Hillaryburg & the Role of Interior Design in Politics

April 20, 2015
Part of Rep. Aaron Schock's (R-Ill.) new office in the Rayburn Office Building, which was inspired in part by the PBS show "Downton Abbey." Photographed on Jan. 30, on Capitol Hill. (Ben Terris/The Washington Post)
Part of Rep. Aaron Schock’s (R-Ill.) new office in the Rayburn Office Building, which was inspired in part by the PBS show “Downton Abbey.” Photographed on Jan. 30, on Capitol Hill. (Ben Terris/The Washington Post)

Interior design and its role in politics showed up in this week’s issue of The New Yorker. Former Secretary of State and current 2016 Presidential candidate Hillary Clinton recently opened her campaign headquarters in Brooklyn Heights, New York.
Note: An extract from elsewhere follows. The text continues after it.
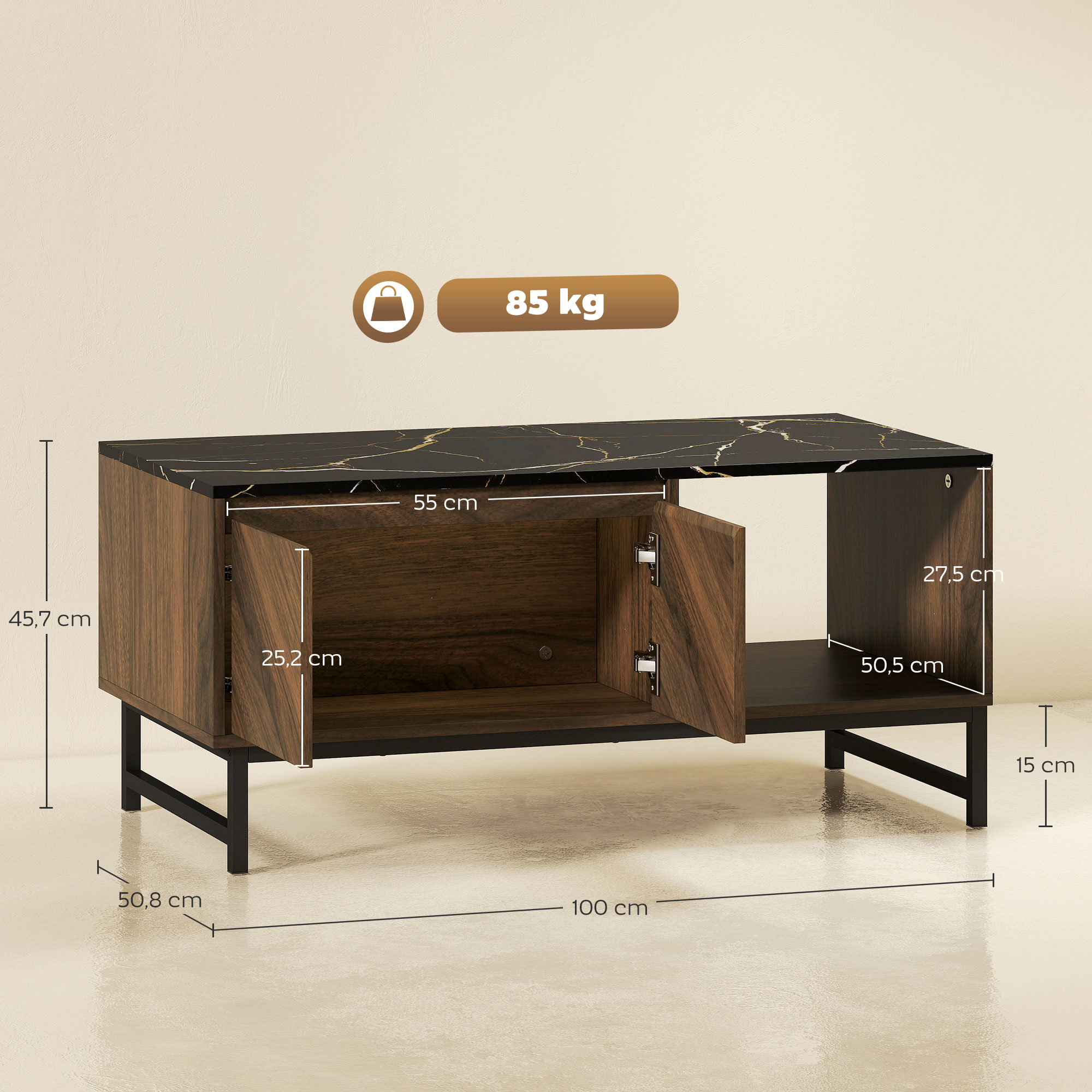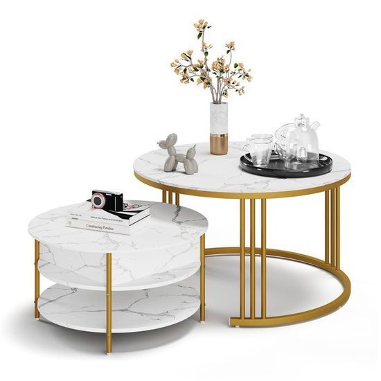 Son espace de 15 cm au-dessus du sol facilite le passage des robots aspirateurs, simplifiant l'entretien quotidien. Table Basse Moderne En Métal Noir Avec Plateau Effet Marbré, 2 Niveaux Table Basse Ronde Avec Rangement Transformez votre salon avec la table basse HOMCOM. Transformez votre salon avec la table basse HOMCOM. Elle allie rangement avec ses étagères et placard, et élégance avec son plateau effet marbre noir et finition noyer. Robuste, elle supporte jusqu'à 85 kg. Son design moderne et luxueux apporte une ambiance chaleureuse, parfaite pour un intérieur harmonieux et organisé. La table basse avec rangement ouvert et fermé garde votre salon... Cette table de salon robuste supporte jusqu'à 85 kg, assurant une grande durabilité RANGEMENT POLYVALENT : Combinant intelligemment deux étagères ouvertes et un compartiment fermé, cette table basse offre un espace de rangement modulable pour un salon toujours impeccable, parfait pour ranger vos indispensables ou pour mettre en valeur vos objets décoratifs. HOMCOM Table Basse Ronde Effet béton ciré en Bois et métal - 80 x 45... La table basse avec rangement ouvert et fermé garde votre salon organisé Robuste, elle supporte jusqu'à 85 kg. DESIGN ÉLÉGANT : Avec son plateau effet marbre noir et sa finition en noyer chaleureux, cette table basse apporte une touche de modernité à votre salon, rehaussant le style de votre intérieur tout en créant une atmosphère de luxe. HOMCOM Table Basse avec Plateau relevable Table de Salon avec 2 Grands Son design moderne et luxueux apporte une ambiance chaleureuse, parfaite pour un intérieur harmonieux et organisé. CONSTRUCTION SOLIDE : Réalisée avec soin en panneaux de particules et MDF, renforcée par des pieds en acier solide, cette table de salon est conçue pour être stable et robuste, supportant jusqu'à 85 kg, idéale pour une utilisation prolongée.

Between this location choice and Clinton’s apparent need to makeover her image in order to better relate to the American people, many have begun to speculate on what kind of vibe we’ll find in her offices.

Brooklyn Heights isn’t exactly the trendiest corner of NYC. In fact, as Emma Allen writes, the neighborhood is more of a “no man’s land… Locals refer to Brooklyn Heights as ‘America’s First Suburb.'”

“I think she’s not likely to furnish [her campaign HQ] with a host of bearded men, vintage chesterfield sofas, and fridges full of Brooklyn Lager,” David Alhadeff, the founder of the Williamsburg boutique the Future Perfect, said. “I don’t think she’ll be dumpster diving for her office chairs.”

Allen’s “Hillaryburg” piece goes on to consider several recent examples of politicians making head-scratching design choices in their offices:

Clinton could hardly do worse than the de Blasios, who, last summer, replaced antiques in Gracie Mansion on which Mayor Michael Bloomberg had spent several million dollars with sixty-five thousand dollars’ worth of free furniture from West Elm: dusty-blue sectionals, furry throw pillows. A Times Op-Ed called the decision “unseemly.” The First Family defended the choice by pointing out that West Elm had started in Brooklyn, like them…

Also to avoid: emulating Illinois Republican congressman Aaron Schock, whose decorator kitted out  his office to evoke “Downtown Abbey,” with crimson walls, gold sconces, and clumps of pheasant feathers, at a cost of forty thousand tax-payer dollars.

“In political culture, design is not a priority,” said Martin Finio, an architect who, with his wife, revamped the Brooklyn Historical Society.